Prayer Hub

Namibia: baby abandonment

16 Feb 2023

In 2019, Namibia passed legislation saying that women who, out of desperation, took the drastic step of abandoning their child, would no longer be prosecuted. Abandoned babies were dying. Safe places where an infant could be left were established, but there is still not enough awareness of the legal changes. Linda left her baby in a baby-saver box - a drawer built into a wall of a compound in Swakopmund that has a mattress and a blanket inside. There is also a letter. ‘Dearest mommy, please know that we do not judge you,’ reads the reassuring note. ‘We cannot begin to understand the circumstances that have brought you here.’ Linda knows her baby is safe. But despite the change in the law, babies continue to be abandoned in unsafe places. Between 2018 and 2022, 140 babies were abandoned - far more than those left in safe places.

Cambodia / India: honest media opposed

16 Feb 2023

Cambodia’s prime minister Hun Sen has shut down the last few independent media outlets in the country, six months before a general election. He cancelled Voice Of Democracy‘s operating licence after they published an article which he claimed slandered his son. Amnesty International said this is slamming the door on what is left of independent media and a warning to other critical voices who still dare to ask questions about the government, the prime minister, and his family. Pray for Cambodians to have safe access to truthful news. Indian tax authorities searched BBC offices after it aired a story of prime minister Narendra Modi’s role in anti-Muslim violence when he was chief minister of the state. It was only broadcast in the UK. Modi is blocking Indians from sharing ‘the Modi question’ online, calling it hostile propaganda. A spokesman for him called the BBC ‘the most corrupt organisation in the world’.

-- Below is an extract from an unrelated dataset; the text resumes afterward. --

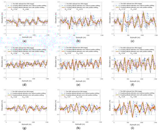 Profiles of the coupling attitude altimetric errors and the SSE retrieved from IRA images. is the correlation coefficient of the SSE retrieved from IRA images (the thin black solid curves) and coupling attitude altimetric errors without position-shifting (the blue dashed curves), and is the correlation coefficients of the SSE retrieved from IRA images and coupling attitude altimetric errors with position-shifting (the thick red solid curves). (a–c) are the profiles retrieved from RZ14 at the nadir range, middle range, and far range, respectively. (d–f) are the profiles retrieved from RZ16 at the nadir range, middle range, and far range, respectively. (g–i) are the profiles retrieved from RZ24 at the nadir range, middle range, and far range, respectively.

Global: scammers profit from Turkey-Syria earthquake

16 Feb 2023

Scammers are using Turkey and Syria’s earthquakes to trick people into donating to fake causes. These scams claim to raise money for survivors, but instead they channel donations away from real charities into their own PayPal accounts. One of over a hundred recently created fundraisers for Turkey is TurkeyRelief, which joined Twitter and touts for donations. Its PayPal account has received US$900, but that includes $500 from the page’s creator, who donated to their own cause to make them appear authentic. On TikTok Live, content creators make money by receiving digital gifts. TikTok livestreams show photos with sound effects and ask for donations. One video shows a distressed child running from an explosion. Their plea for TikTok gifts is ‘Please help achieve this goal’. But the photo of the child is not from Turkey. The same image was on Twitter in 2018 with the caption ‘Stop African Genocide’.

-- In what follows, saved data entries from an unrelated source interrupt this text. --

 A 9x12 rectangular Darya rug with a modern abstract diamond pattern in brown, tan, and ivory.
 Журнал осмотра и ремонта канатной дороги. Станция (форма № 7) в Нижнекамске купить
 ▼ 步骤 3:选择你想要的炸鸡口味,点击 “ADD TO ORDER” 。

Kenya: farmers battle birds

16 Feb 2023

Sometimes called ‘feathered locusts’, queleas are pests across eastern and southern Africa. A quelea eats 10g of grain daily. Not a huge amount, but flocks can number two million and collectively consume 20 tonnes of grain in 24 hours. The UN's Food and Agricultural Organisation estimates that £41m worth of crops are lost to the birds annually. The latest quelea invasion in Kisumu, amounting to ten million birds, has already decimated 300 acres of rice fields. Another 2,000 acres are still at risk during the harvest season. Worse hit is Narok county where the birds invaded wheat farms, destroying 40% of the harvest. The prolonged drought in the Horn of Africa has meant fewer seeds from wild grasses, a primary source of food for queleas. Kenyan scientists suggest this may be behind the invasion of cultivated land as the birds look for alternatives.